Section two is devoted to understanding the proper use of music. Aniol says that we praise what we love and value (pp. 104-105), therefore sacred music should be about the beauty of God (pp. 101-103). Here the reader is offered qualities for good music (pp. 132-133) and the means of evaluating good music (pp. 140-143).
The final section deals with music in assembled worship. Aniol defines congregational worship “as a unified chorus of spiritual responses toward God expressed publicly to God, as a result of understanding biblical truth about God” (p. 155). Congregational worship is distinguished from private worship simply because it is a corporate activity (p. 203). For this reason individualistic music is not appropriate nor is personal preface paramount. Sacred music should be one of the tools used by the church to help mature believers (p. 161). With this in mind Aniol believes that one of the primary purposes of sacred music is to mature the emotions of believers (pp. 163-171).

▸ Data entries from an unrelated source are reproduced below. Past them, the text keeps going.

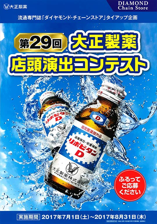 | 参加条件 | 対象商品を実施期間中に1週間以上陳列していただくこと [タワー演出表彰コース]「55th ANNIVERSARY リポビタン GO!GO!キャンペーン」の演出 [1本・3本演出表彰コース]リポビタンシリーズ(リポビタンD10本、Dライトの10本箱を除く)、アルフェシリーズの1本・3本、ゼナシリーズ1本・3本とパブロン滋養内服液シリーズ展開 |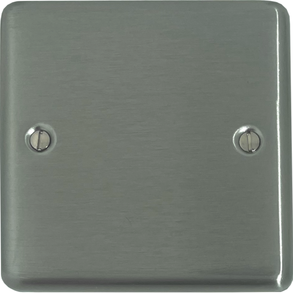 It is part of the G+H Electrical Accessories range of brushed steel sockets and switches. It fits on a standard single switch back box (not supplied).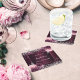 Burgundy silver florals birthday square paper coaster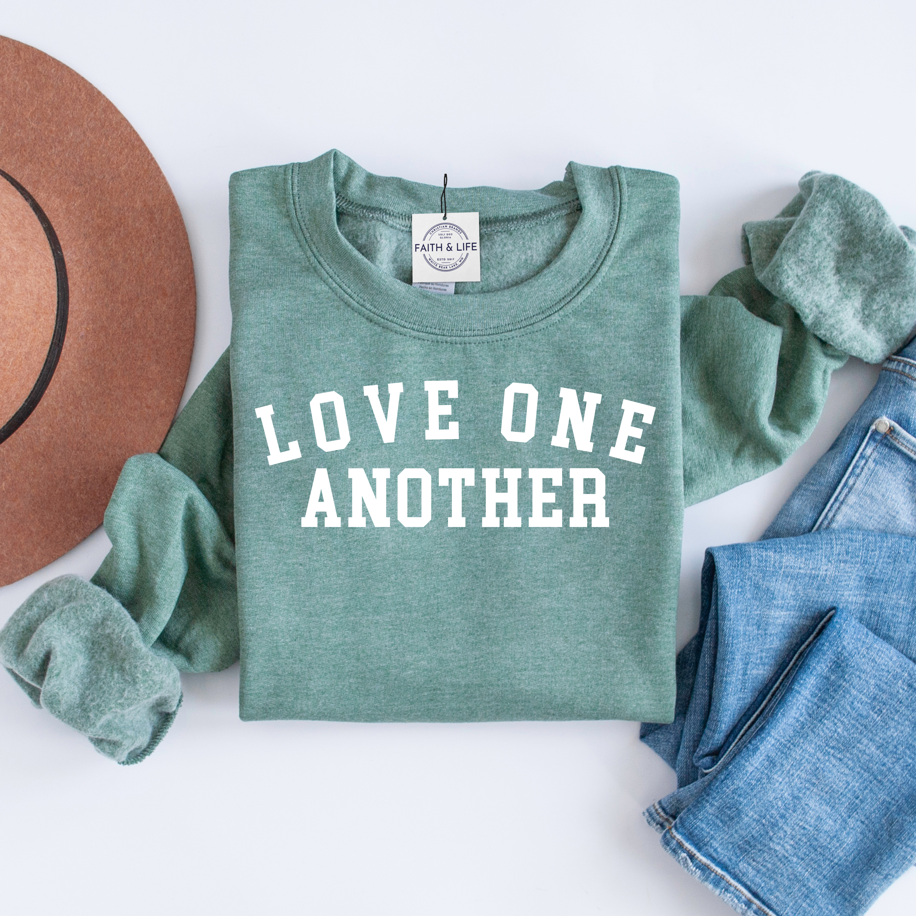 Love One Another Christian Crewneck Valentines Sweatshirt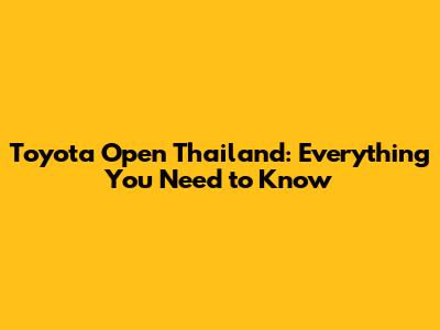 Toyota Open Thailand: Everything You Need To Know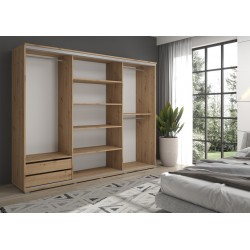 Wewnątrz szafy przesuwnej znajduje się sześć półek na ubrania, dwa drążki na wieszaki, które pomogą w organizacji krótszych ciuchów, oraz jeden drążek na długie rzeczy typu sukienki, płaszcze. Dodatkowo, można szafę wyposażyć w komplet szuflad. Przemyślany układ wnętrza umożliwia wygodne przechowywanie ubrań różnego rodzaju.
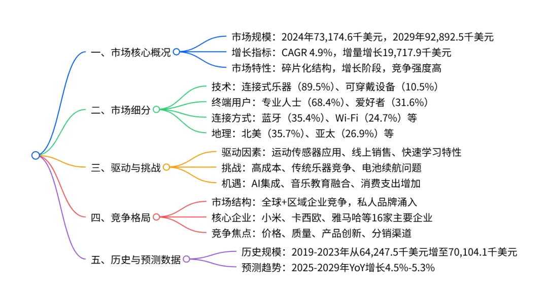 2024-2029 年全球智能乐器市场将以4.9% 的 CAGR加速增长,从 2024 年的73,174.6 千美元增至 2029 年的92,892.5 千美元,增量增长达19,717.9 千美元;市场呈碎片化结构,北美是最大且增长最快的区域(CAGR 5.1%),连接式乐器(占 2024 年市场份额 89.5%)和专业人士(占 2024 年市场份额 68.4%)为核心细分领域,蓝牙(CAGR 5.5%)是主流连接方式;驱动因素包括运动传感器应用普及、线上销售激增及快速学习特性,同时面临高成本、传统乐器竞争和电池续航等挑战,AI 集成和音乐教育融合为主要增长机遇,市场竞争集中于产品价格、质量和创新。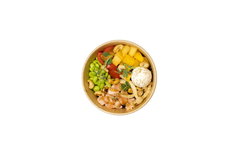 Лосось обпалений,хурма,гриби шиміджи,соєві боби едамаме,помідори черрі,крем сир,горіхи кешью,рис дикий,соус соєвий,соус манговий,кунжут.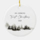 Primeiro Ornamento da Paisagem Monocromática de Inverno de Natal. Bebês Primeiro Natal em estilo moderno, com paisagem monocromática de inverno em cores preto e branco. Na moda e design elegante. Foto.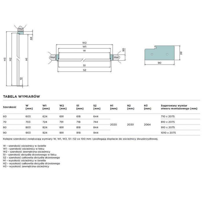 Szerokość zewnętrzna ościeżnicy [mm]: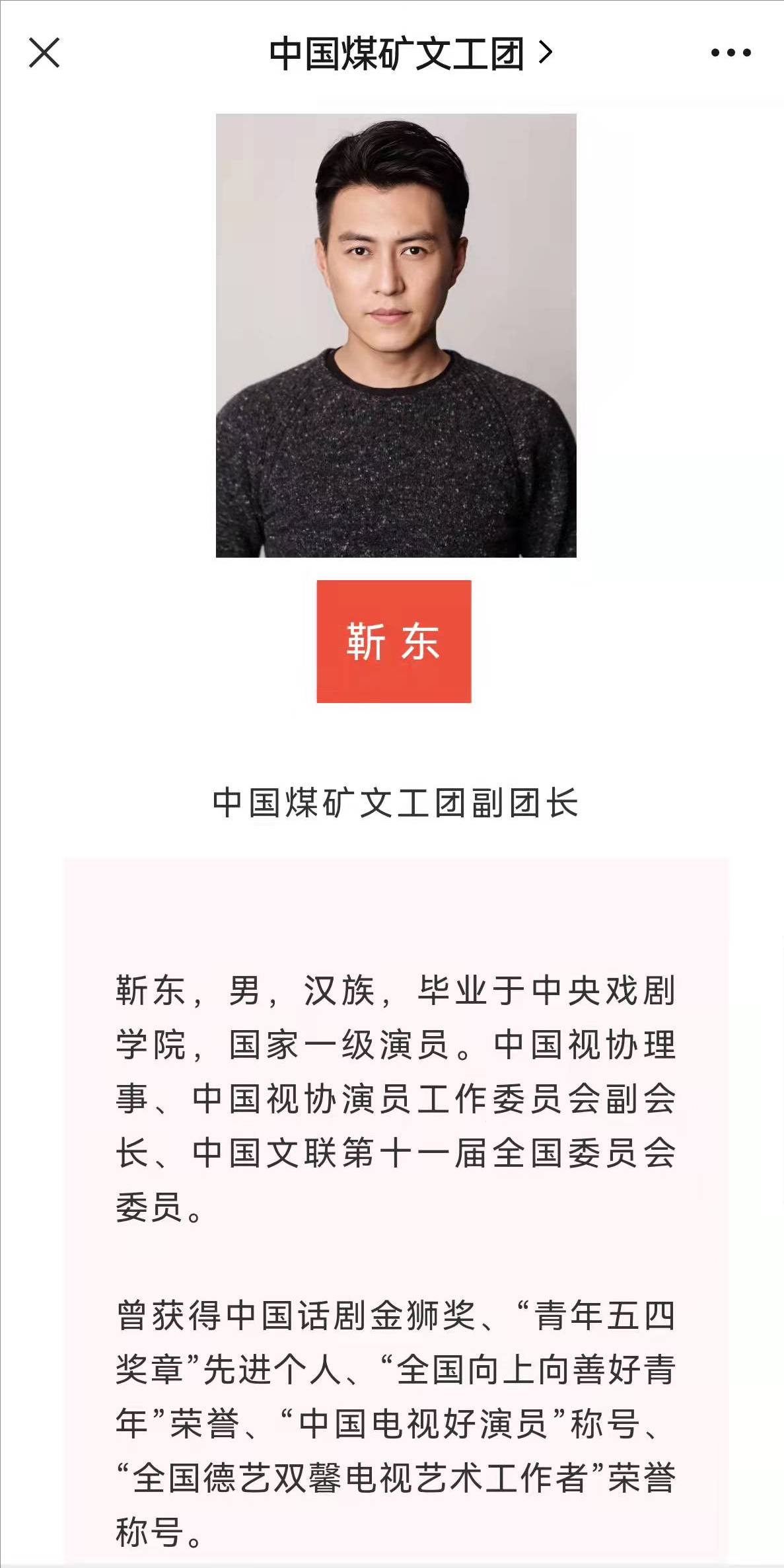 #靳东出任中国煤矿文工团副团长#、#靳东任中国煤矿文工团副团长#、#靳东出任新职#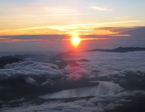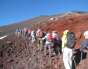 ●昨日の夜と同様に、宿泊地でも寝不足で前日の疲れが取れぬまま、午前3時45分にここを出発する。歩き出して暫くして、本七合目の手前で御来光を受ける。標高も3,000mを越え、少し歩くと直ぐに息切れする状態が続いたが、数度の小休止を重ねながら山頂へと向かう。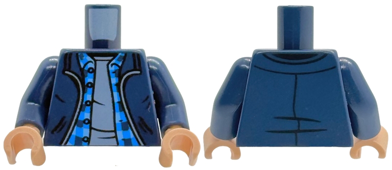 Torso Jacket Open with Pockets over Blue Plaid Shirt with Buttons and Collar and Sand Blue Undershirt Pattern / Dark Blue Arms / Light Nougat Hands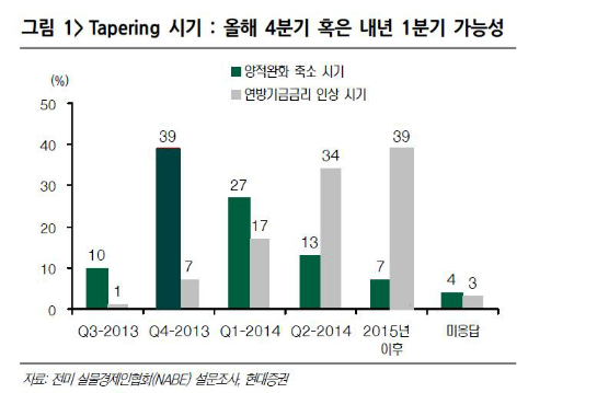 ¹Ì±¹³» ½Ç¹°°æÁ¦ÀÎÇùȸ(NABE) ¼³¹®Á¶»ç¿¡¼µµ ¿Ã 3ºÐ±â¿¡ QE Ãà¼Ò°¡ ³ªÅ¸³¯ °ÍÀ¸·Î º¸´Â ½Ã°¢Àº ¸î°³¿ùÀü°ú ºñ±³½Ã ´ë Æø °¨¼ÒÇß´Ù. ¿¬¸» ³»Áö ³»³â »ó¹Ý±â¸¦ ½ÃÁ¡À¸·Î º¸´Â ½Ã°¢ÀÌ À̹ø ¼³¹®Á¶»ç¿¡¼´Â ¿ìÀ§¸¦ Â÷ÁöÇß´Ù.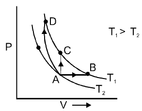 Three different processes that can occur in an ideal monatomic gas are shown in the P vs V diagram. The paths are labelled as A → B, A → C and A → D. The change in internal energies during these processes are taken as ${E_{AB}}$ , ${E_{AC}}$ and ${E_{AD}}$ and the work done as ${W_{AB}}$ , ${W_{AC}}$ and ${W_{AD}}. The correct relation between these parameters are: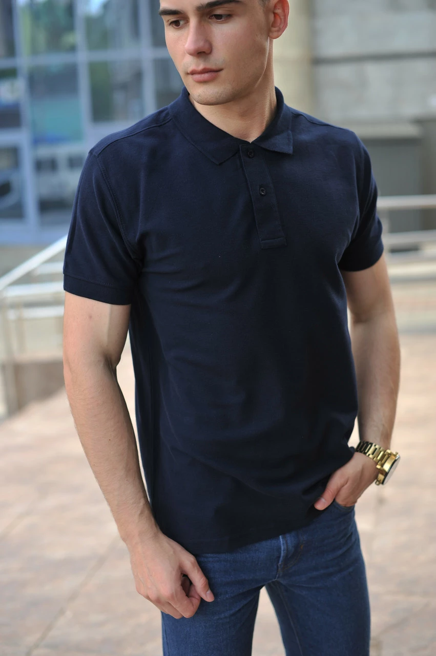 Темно-синяя мужская футболка поло / купить рубашку поло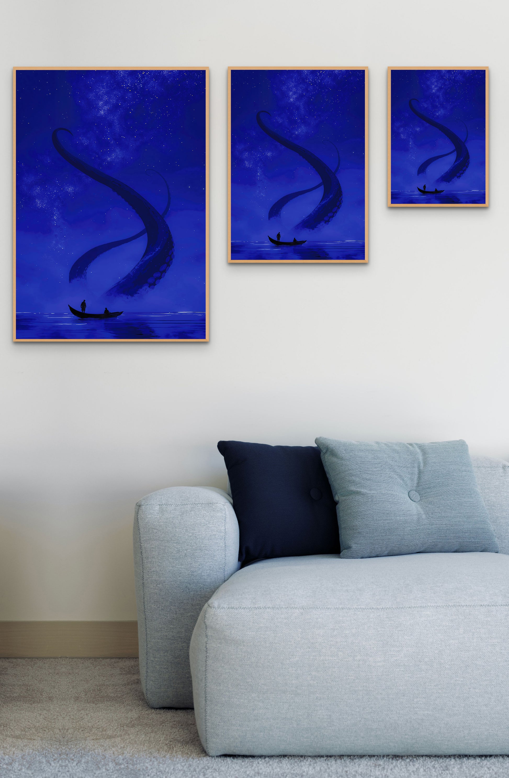 The sea’s depths mirror the expanse above, where the giant octopus reigns, entwining the fates of those who traverse its waters. In the rhythm of the waves, they encounter not just the depths of the ocean but the deeper vastness where sea and sky, reality and myth, become one.

Chapters 12-15 makes a case for congregational worship music being: God-oriented, doctrine-oriented, affection-oriented, and congregation-oriented. The kinds of music that do and do not accomplish these purposes are found in these chapters as well as in the last two. It is at this point that some will choose to differ with Aniol. Even among those who agree on all the principles he develops some will perhaps disagree on the particulars. But Aniol presents a fair, biblical and thought-provoking case for a conservative approach to sacred music.
Of the books I have read on worship as related to music I believe Worship in Song to be the best. That does not mean I agree with everything presented (although I do with most), but Aniol gives an intellectual, scripturally-laced argument that is well worth serious study by those interested in congregational worship.